====== Dataset section
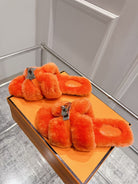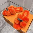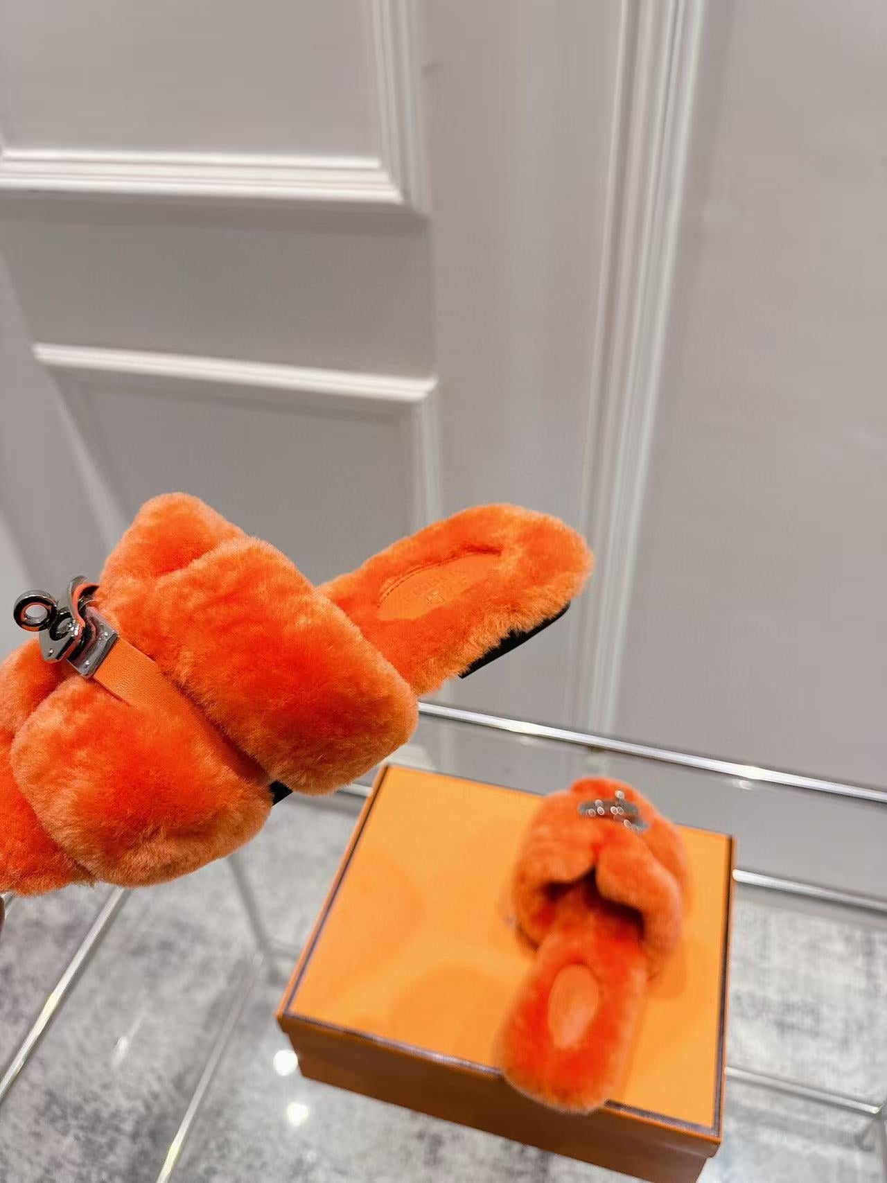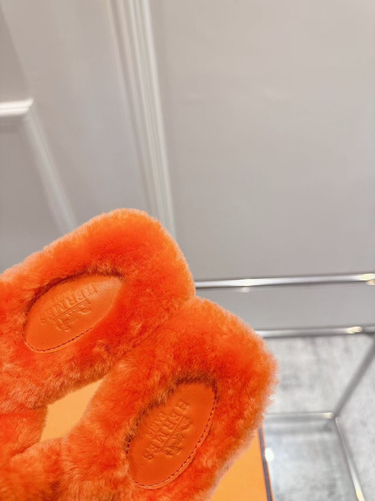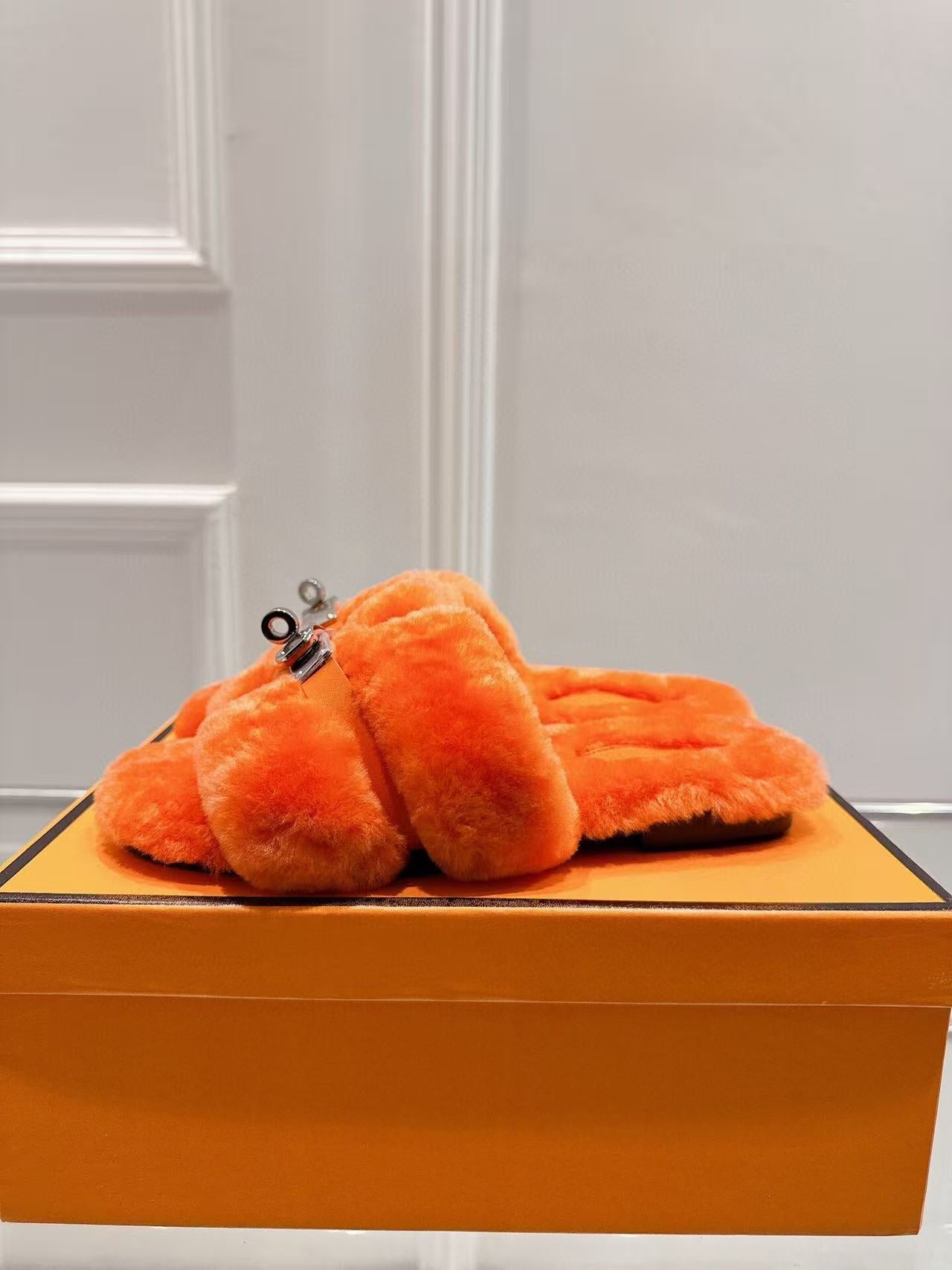 Hermes 2025 Oran Furry Slipper Orange Sheepskin Fur 422273
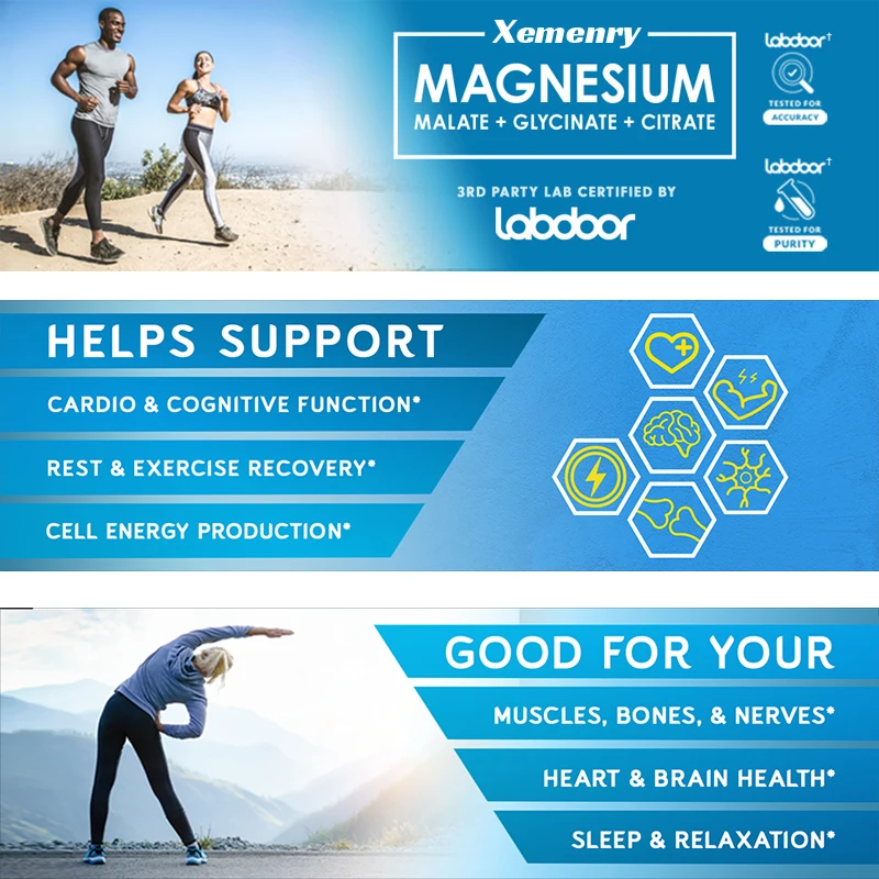 HIGHLY ABSORBABLE MAGNESIUM SUPPLEMENT: Xemenry Triple Magnesium Complex contains 300 mg of three pure forms of magnesium (glycine, malate, citric acid). Each is chelated or highly absorbable for maximum bioavailability.
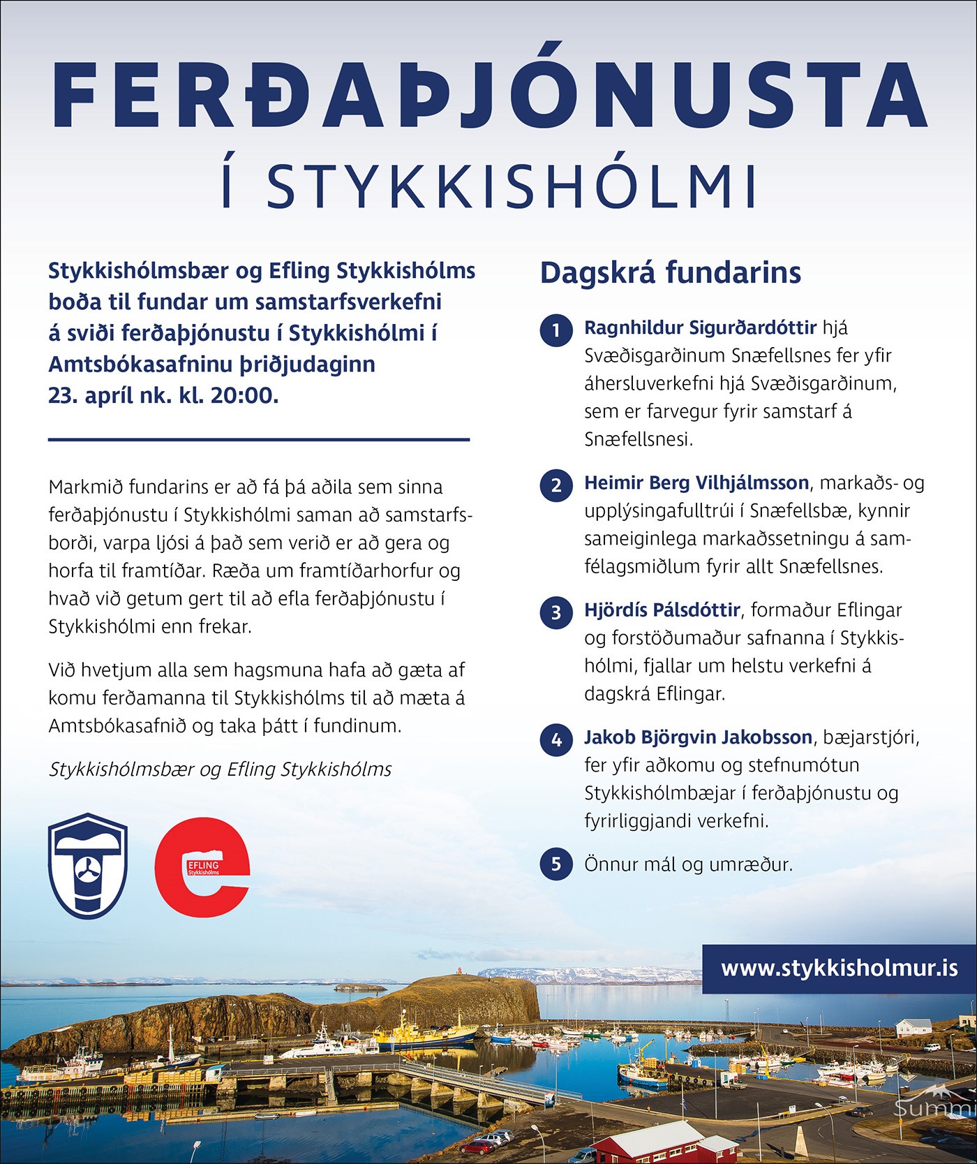 Stykkishólmsbær og Efling Stykkishólms boða til fundar um samstarfsverkefni á sviði ferðaþjónustu í Stykkishólmi í Amtsbókasafninu þriðjudaginn 23. apríl n.k. kl. 20:00.
============
Leave out the pictures. Transcribe the rest of the listing above exactly.

 Hermes 2025 Oran Furry Slipper Orange Sheepskin Fur 422273
 HIGHLY ABSORBABLE MAGNESIUM SUPPLEMENT: Xemenry Triple Magnesium Complex contains 300 mg of three pure forms of magnesium (glycine, malate, citric acid). Each is chelated or highly absorbable for maximum bioavailability.
 Stykkishólmsbær og Efling Stykkishólms boða til fundar um samstarfsverkefni á sviði ferðaþjónustu í Stykkishólmi í Amtsbókasafninu þriðjudaginn 23. apríl n.k. kl. 20:00.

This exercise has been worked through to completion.